5. Sleep staging on Sleep-EDF (multiclass on signals)

python
from pyhealth.datasets import SleepEDFDataset, split_by_patient, get_dataloader
from pyhealth.tasks import SleepStagingSleepEDF
from pyhealth.models import SparcNet
from pyhealth.trainer import Trainer

base = SleepEDFDataset(root="/path/to/sleepedf", cache_dir="./cache/sleepedf")
samples = base.set_task(SleepStagingSleepEDF())

train, val, test = split_by_patient(samples, [0.8, 0.1, 0.1])
train_loader = get_dataloader(train, batch_size=128, shuffle=True)
val_loader   = get_dataloader(val,   batch_size=128, shuffle=False)
test_loader  = get_dataloader(test,  batch_size=128, shuffle=False)

model = SparcNet(dataset=samples)
trainer = Trainer(model=model)
trainer.train(
    train_dataloader=train_loader,
    val_dataloader=val_loader,
    epochs=20,
    monitor="cohen_kappa",
)
print(trainer.evaluate(test_loader))

6. Code lookup + cross-mapping (no model)

When the user wants help interpreting codes or reducing label cardinality, no training is needed:

python
from pyhealth.medcode import InnerMap, CrossMap

icd9 = InnerMap.load("ICD9CM")
print(icd9.lookup("428.0"))   # 'Congestive heart failure, unspecified'

# Roll up MIMIC-III ICD-9 diagnoses to CCS for a smaller label space
icd9_to_ccs = CrossMap.load("ICD9CM", "CCSCM")
ccs_codes = icd9_to_ccs.map("428.0")   # ['108']

7. Logistic regression baseline (always run this first)

Before reaching for a Transformer, run a logistic-regression baseline. It's fast, hard to misuse, and tells you whether the task signal exists at all.

python
from pyhealth.models import LogisticRegression
from pyhealth.trainer import Trainer

model = LogisticRegression(dataset=samples)
trainer = Trainer(model=model)
trainer.train(train_dataloader=train_loader, val_dataloader=val_loader, epochs=10, monitor="pr_auc")

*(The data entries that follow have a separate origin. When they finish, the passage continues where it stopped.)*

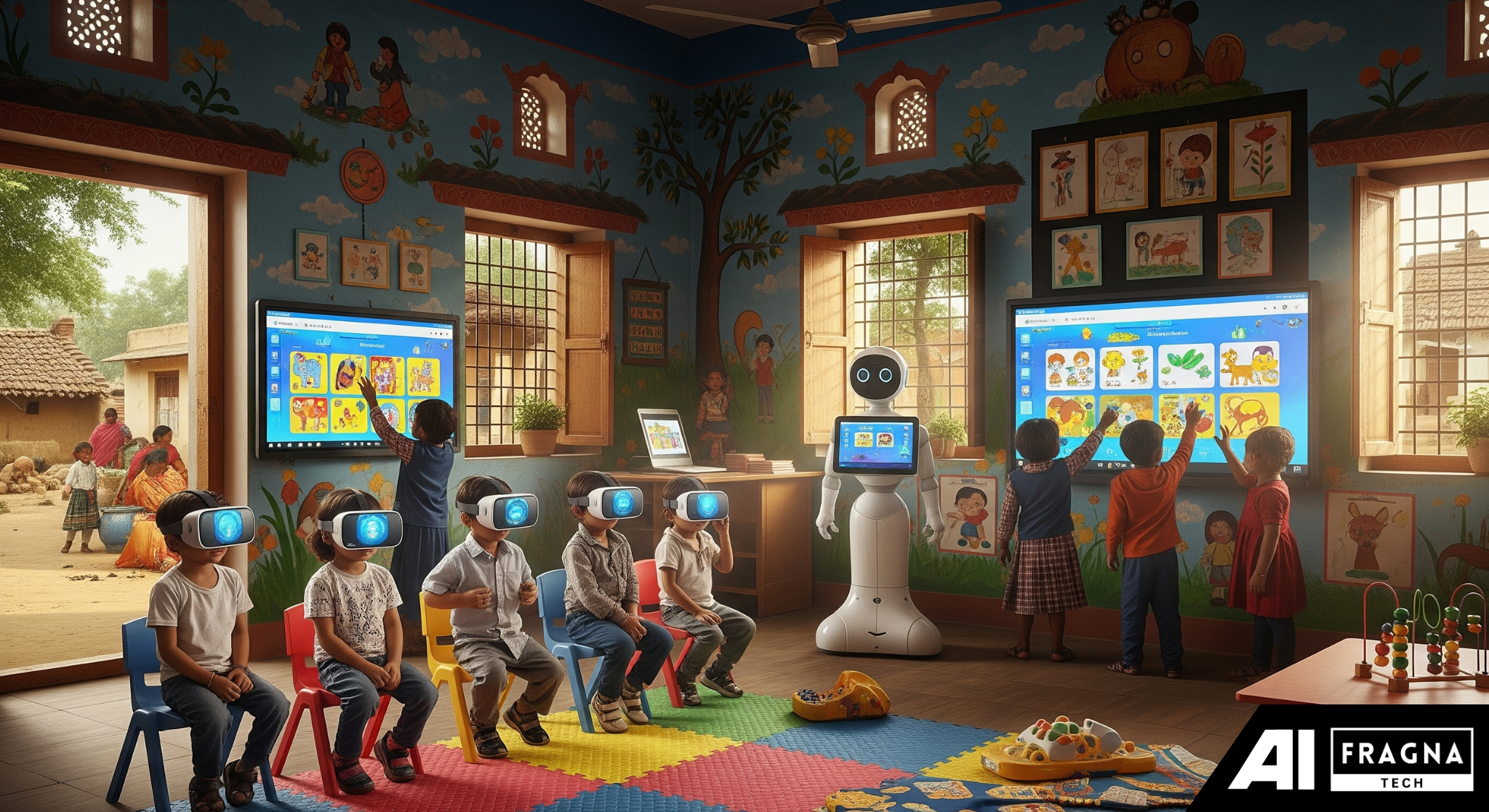 This isn’t just about adding technology – it’s about creating equal opportunities. Children aged 2-6 now learn through virtual reality headsets from Meta, AI-enabled interactive smart boards, tablets, and gamified learning platforms. The traditional chalk-and-slate method has been replaced with immersive digital experiences.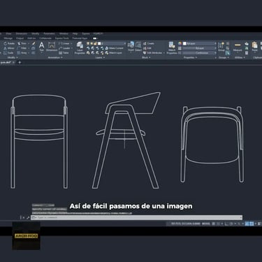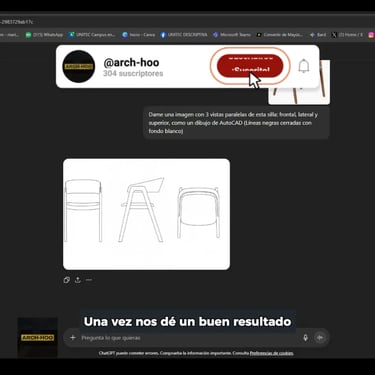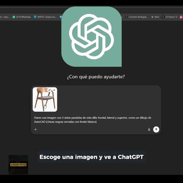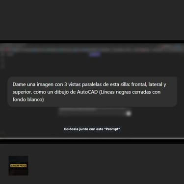 Coloca el Prompt: Coloca el siguiente prompt para que nos genere la imgen en formato AutoCAD con vistas en planta, alzado y lateral: "Dame una imagen con 3 vistas paralelas de esta silla: frontal, lateral y superior, como un dibujo de AutoCAD (Líneas negras cerradas con fondo blanco)".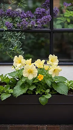Putting flowers in a box by your window is kind of a genius move, isn’t it? It’s like having your own personal cheering section made of petals and leaves, always ready to brighten your day. You’ve got the main yellow crew rocking the sill, and if you peek behind the glass, there are even some blurry purple party crashers in the background joining the vibe. It’s a whole mini-ecosystem designed to make your view less boring and way more flowery.

If LR gets PR-AUC of 0.5, deeper models likely won't help — investigate the task or features. If LR is already strong, the headroom for fancy models is small.

8. Loading a checkpoint and predicting

python
from pyhealth.trainer import Trainer
from pyhealth.models import Transformer

model = Transformer(dataset=samples)
trainer = Trainer(model=model)
trainer.load_ckpt("./output/best.ckpt")

y_true, y_prob, loss = trainer.inference(test_loader)

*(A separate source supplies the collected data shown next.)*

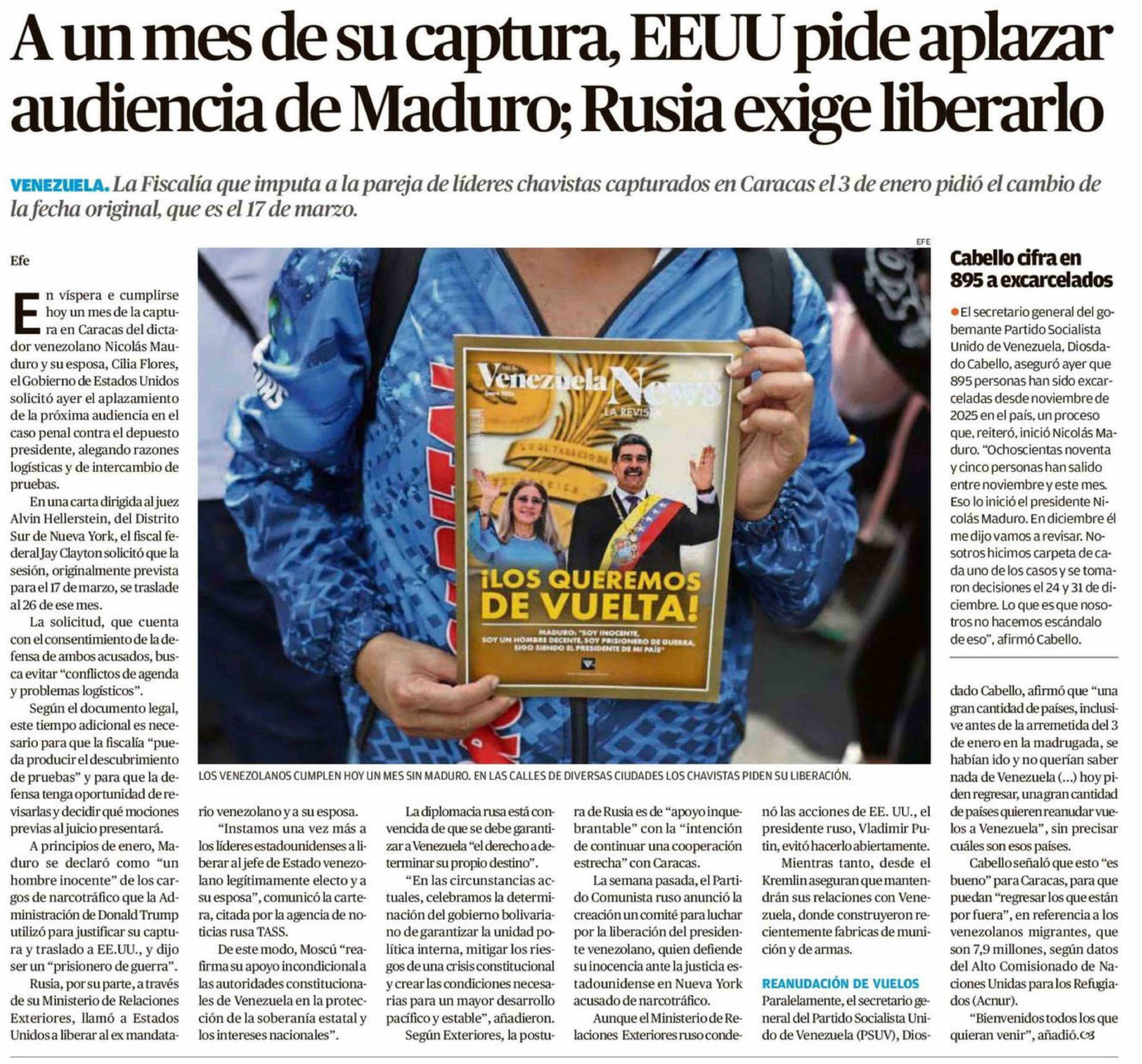 A un mes de su captura, EEUU pide aplazar audiencia de Maduro; Rusia exige liberarlo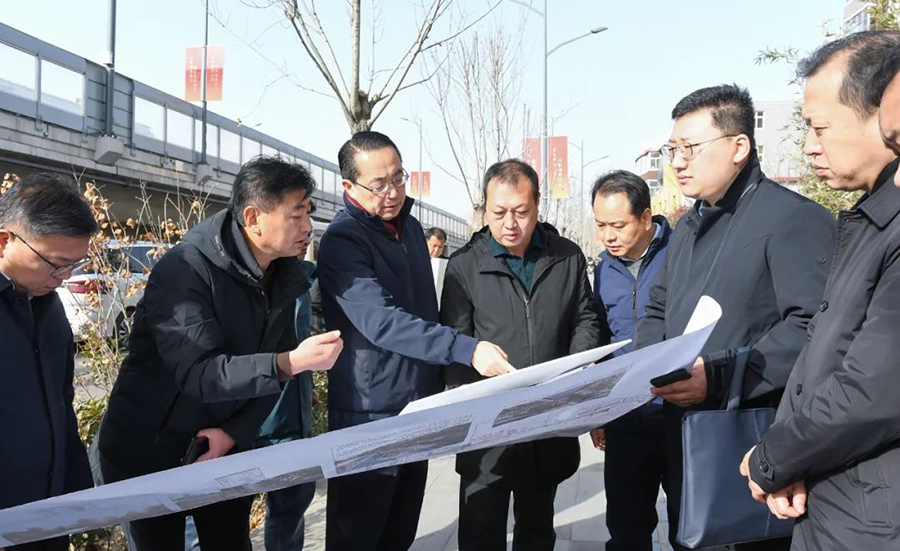 2023年12月6日,临汾市委书记李云峰在市区快速中环、文化主轴等重点建设项目工地调研。(闫锐鹏 摄)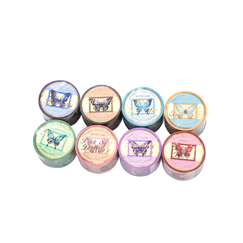 无界蝶谱烫金手帐胶带复古蝴蝶邮票英文盐系手帐拼贴装饰素材贴纸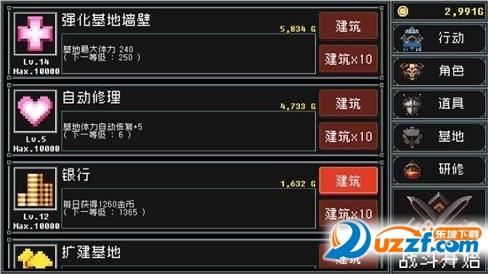 这里有“生存”、“无限的军势”、“试炼之塔”三个模式,“生存”其实就是最常规的关卡模式,其余两个我想从字面上就能够理解它们的玩法含义了,当然了,为了积累经验以及提升等级,还是得从生存模式玩起。每一关我们的任务就是要守卫基地,你可以选择雇佣其他的英雄一起驻守,最多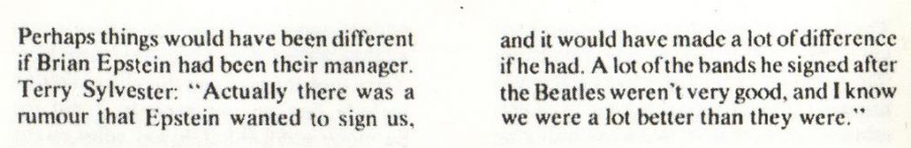 Terry Sylvester: „Dizzy Miss Lizzy“ war in Texas die Nummer 1 und wir müssen verrückt gewesen sein, nicht sehr schnell dorthin zu gehen. Wir hätten die Beatles im Shea Stadium schlagen können! Die Platte verkaufte sich sehr gut, obwohl ich ums Verrecken keine Tantiemen gesehen habe.“ Vielleicht wäre es anders gelaufen, wenn Brian Epstein ihr Manager gewesen wäre. Terry Sylvester: „Tatsächlich gab es ein Gerücht, dass Epstein uns unter Vertrag nehmen wollte, und es hätte einen großen Unterschied gemacht, wenn er es getan hätte. Viele der Leute, die er nach den Beatles unter Vertrag nahm, waren nicht sehr gut. Und ich weiß, dass wir viel besser waren als sie.“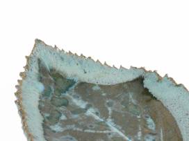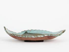 Use this beautiful glazed clay leaf as a trinket tray or a spoon rest. 9x5 inches.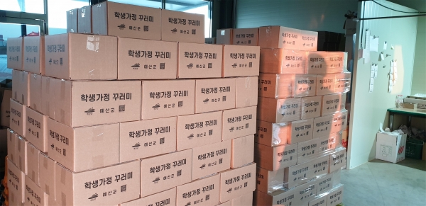 [충청뉴스큐] 예산군은 상반기 코로나19로 부분 등교한 관내 5개교 학생 가정에 3∼6만원 상당의 학생가정 꾸러미 공급을 완료했다고 밝혔다.

9. Custom task on MIMIC-III

When no built-in task fits — e.g., the user wants to predict a specific lab value 24h ahead:

python
from pyhealth.tasks import BaseTask
from pyhealth.datasets import MIMIC3Dataset

class HighCreatininePrediction(BaseTask):
    task_name = "HighCreatininePrediction"
    input_schema = {"diagnoses": "sequence", "procedures": "sequence"}
    output_schema = {"label": "binary"}

    def __call__(self, patient):
        samples = []
        for visit in patient.visits[:-1]:
            next_visit = patient.next_visit(visit)
            label = self._has_high_creatinine(next_visit)
            samples.append({
                "patient_id": patient.patient_id,
                "visit_id": visit.visit_id,
                "diagnoses": visit.get_code_list("DIAGNOSES_ICD"),
                "procedures": visit.get_code_list("PROCEDURES_ICD"),
                "label": int(label),
            })
        return samples

    def _has_high_creatinine(self, visit): ...

base = MIMIC3Dataset(root=..., tables=["DIAGNOSES_ICD", "PROCEDURES_ICD", "LABEVENTS"])
samples = base.set_task(HighCreatininePrediction())

The exact Patient/Visit API varies — read help(patient) interactively if the user is on a custom dataset.